# Mystery Ein Heldenleben Recording



## thisisboland (Dec 25, 2007)

I ripped a recording of Ein Heldenleben from the library years ago and I'm now trying to catalogue my music and I cannot find any information on the conductor of this recording. I have been listening to audio samples of tons of recordings, but so far, no match.
What do I do??


----------



## thisisboland (Dec 25, 2007)

PS. the first 3 track lengths are:
4:06
3:32
7


----------



## david johnson (Jun 25, 2007)

check w/the library.

dj


----------



## Delicious Manager (Jul 16, 2008)

You could try not illegally ripping CDs and buying legal copies - then you'd have all the information you need!


----------



## Yagan Kiely (Feb 6, 2008)

> You could try not illegally ripping CDs and buying legal copies - then you'd have all the information you need!

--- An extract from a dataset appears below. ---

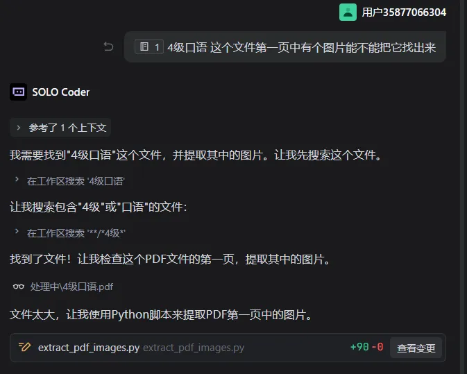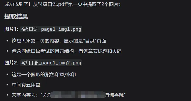 第一句让AI提取PDF第一页中的图片,文件太大了,于是直接给写了个脚本。

Just because it is illegal doesn't make it in the slightest immoral. It is/was illegal to be religious is certain countries, is it wrong to be so?

Copyright is stealing, and it doesn't help artists.


----------



## YsayeOp.27#6 (Dec 7, 2007)

thisisboland said:


> I ripped a recording of Ein Heldenleben from the library years ago and I'm now trying to catalogue my music and I cannot find any information on the conductor of this recording. I have been listening to audio samples of tons of recordings, but so far, no match.
> What do I do??


If you duplicated the cd, you can load your copy with Winamp, which will look for track tags in CDDB.

If you copied the cd into mp3 you can try using any software that connects to the CDDB or FREEDB (I think that was the name) and retrieves information.


----------